Charles G. Armstrong is an American attorney and former officer of the United States Navy, best known for his 28-year tenure as president of the Seattle Mariners Major League Baseball club, a position from which he stepped down on January 31, 2014.

Early life
Armstrong was born in Louisville, Kentucky. In 1964, he earned an engineering degree from Purdue University, followed by a law degree from Stanford University in 1967. Shortly after graduation, Armstrong began his three-year career in the navy.

Seattle Mariners
Armstrong was employed as general counsel for George Argyros' California real estate business when the latter purchased the Mariners from the team's original ownership group, led by entertainer Danny Kaye, in 1981. Argyros immediately brought Armstrong to Seattle to serve as the team's president.  During 1987 and 1988, Argyros was attempting to purchase the San Diego Padres and sell the Mariners to several possible out-of-state investors, one of whom intended to move the team to Miami.  Armstrong attempted to organize a group of Seattle-based investors with the intention of keeping the team in Seattle; however, citing a conflict of interest, Argyros instructed him to "back away" from his efforts. The Mariners were eventually sold to Indiana businessman Jeff Smulyan in 1989, and Armstrong was let go.

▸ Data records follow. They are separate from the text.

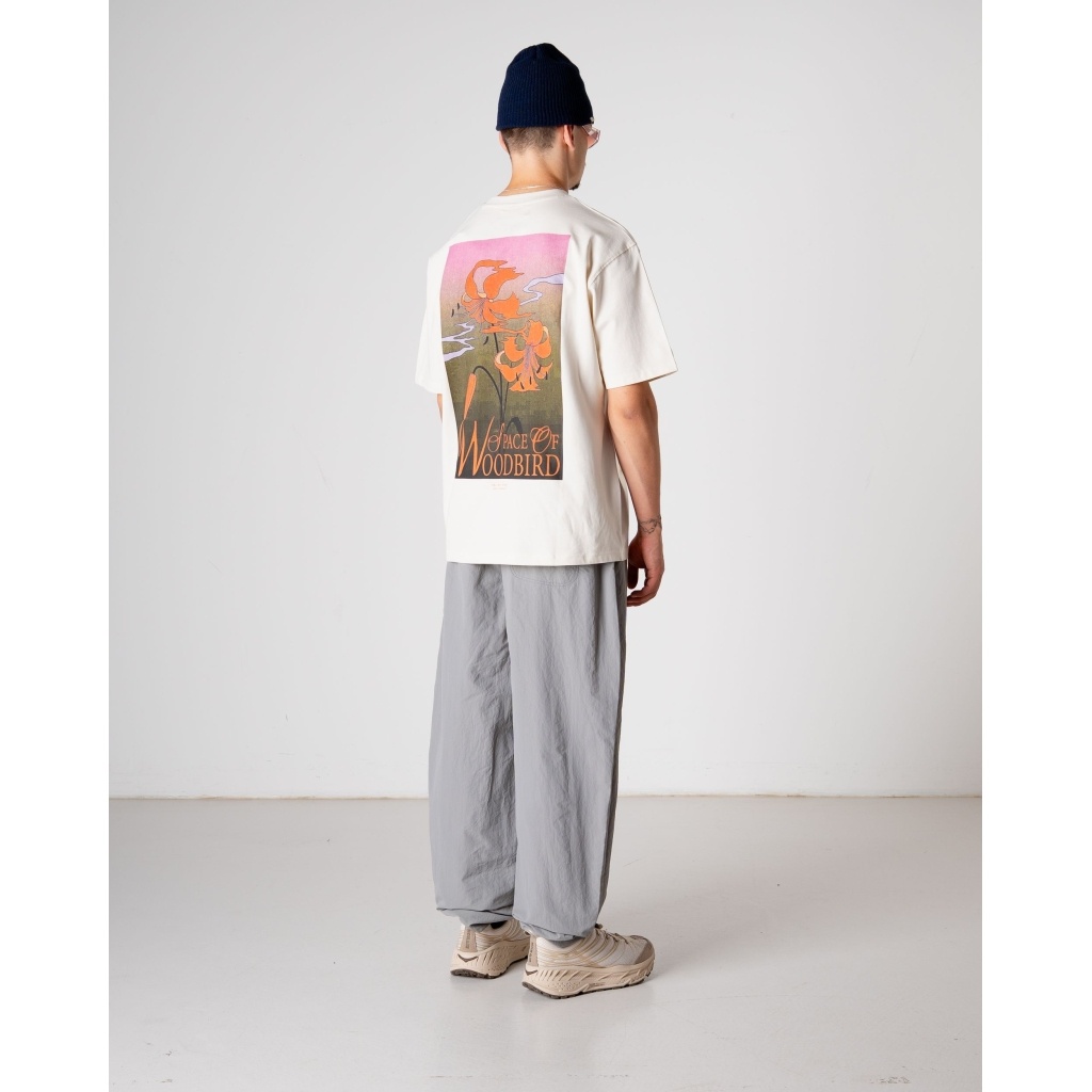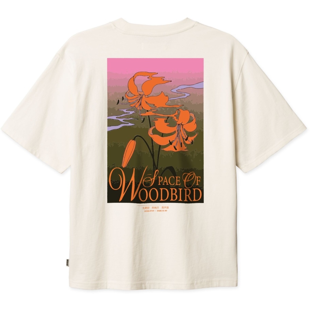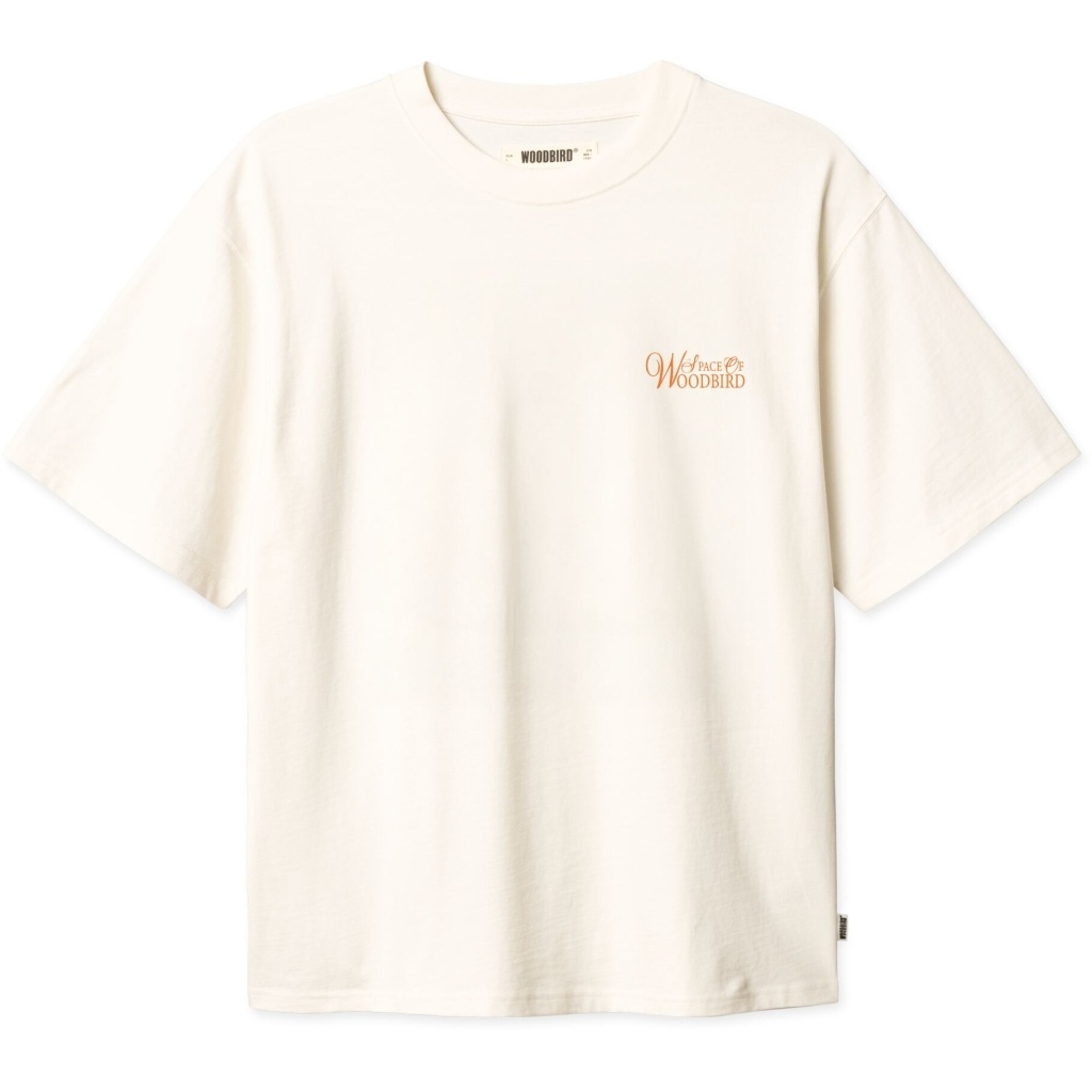 • De WBBAINE Base Tee van WOODBIRD is een beige T-shirt met strakke lijnen en subtiele details. Voorzien van korte mouwen, een comfortabele ronde hals en een subtiel logo op de borst. Op de achterkant geeft de oranje graphic print de tee zijn kenmerkende look: gedurfd maar niet overdreven.
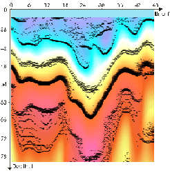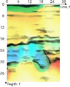 Проведенные методом РАП работы позволили выявить и непосредственно пещеры. Это стало возможным после проведения обработки фазовой составляющей РАП-сигнала. Как видно на рисунках - пещеры выделяются достаточно контрастно и находятся на глубине около 20-30 футов (7-10 метров) от поверхности наблюдения.
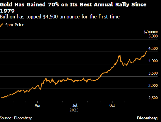 美国股指期货在圣诞假期前夕徘徊于历史高位附近,股市季节性走强的时期即将开始。黄金价格攀升至每盎司4500美元以上。
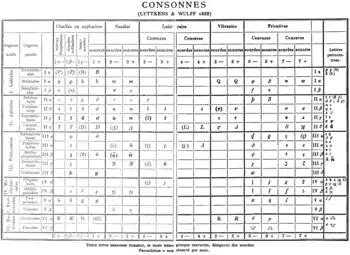 Chart of Wulff's phonetic transcription system from 1888. Many of the symbols would end up being used by the International phonetic alphabet (IPA), but others, such as Greek τ δ ν for dental [t̪ d̪ n̪] and π μ for [p̪ m̪], would not be. Script and rotated letters would be used by the IPA, but not bold or italic typeface. This system includes a level of phonetic detail in its letters that the IPA transcribes with diacritics.
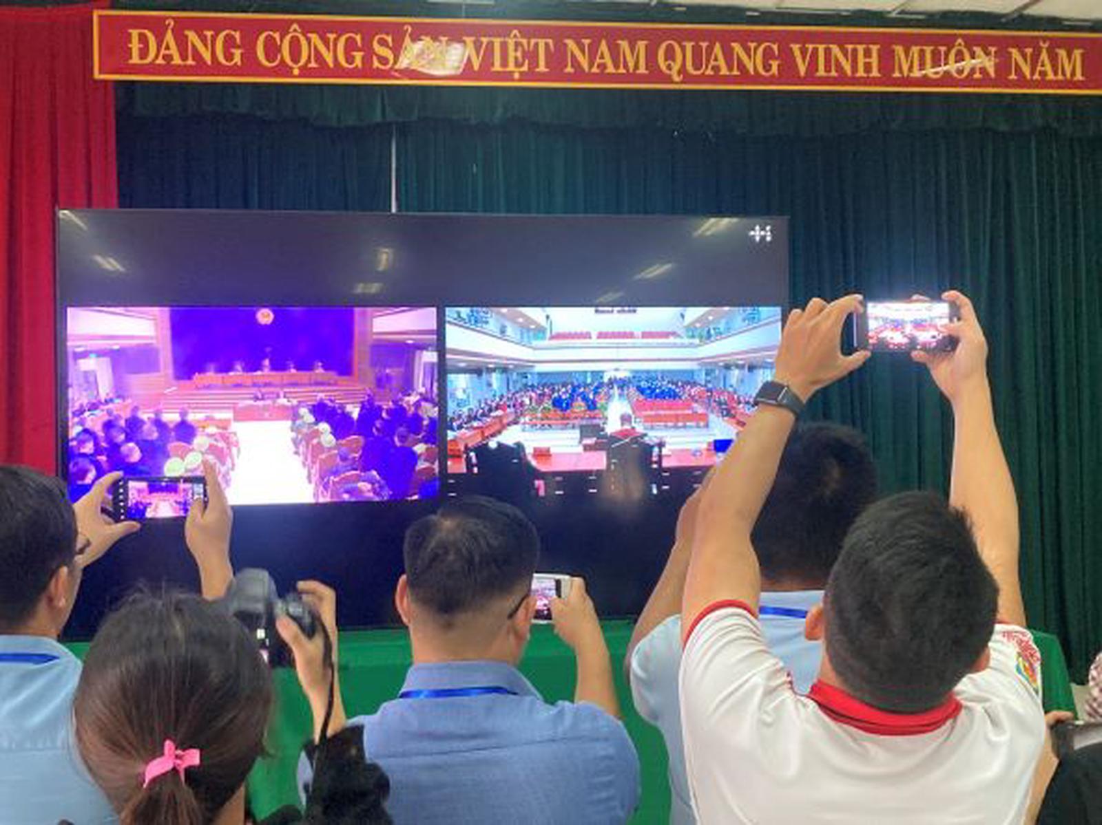 Phóng viên theo dõi trực tiếp phiên tòa qua màn hình TV đặt phía ngoài. Ảnh: Chí Cường

Armstrong worked for several Seattle companies as a consultant from 1989 to 1992, and served as interim athletic director for the University of Washington Huskies, during 1991.  In 1991, after Smulyan had put the team up for sale and rumors persisted that they would relocate to the Tampa Bay area, Armstrong was recruited by then-U.S. Senator Slade Gorton to aid in efforts keep the Mariners in Seattle.  He served as a consultant to Seattle-area business leader John Ellis while The Baseball Club of Seattle (led by Nintendo chairman Hiroshi Yamauchi) was negotiating to purchase the team.  Major League Baseball stipulated that, as a condition of allowing the team's sale to a group with foreign majority investors, "North American interests" were to run the club's day-to-day operations.  The sale was approved in June 1992.  Armstrong was brought back to serve as the team's president in 1993, with Ellis serving as CEO and representing the team's ownership group (a role filled by former Nintendo of America executive Howard Lincoln since Ellis' retirement in 2000).

On November 25, 2013, Armstrong announced that he would retire from his position as President and COO of the Mariners.  January 31, 2014 marked his last day as the Mariners' president.

References

External links

Seattle Mariners Official site

Major League Baseball executives
Major League Baseball team presidents
Living people
United States Navy officers
Seattle Mariners executives
Purdue University College of Engineering alumni
Stanford Law School alumni
Sportspeople from Louisville, Kentucky
Year of birth missing (living people)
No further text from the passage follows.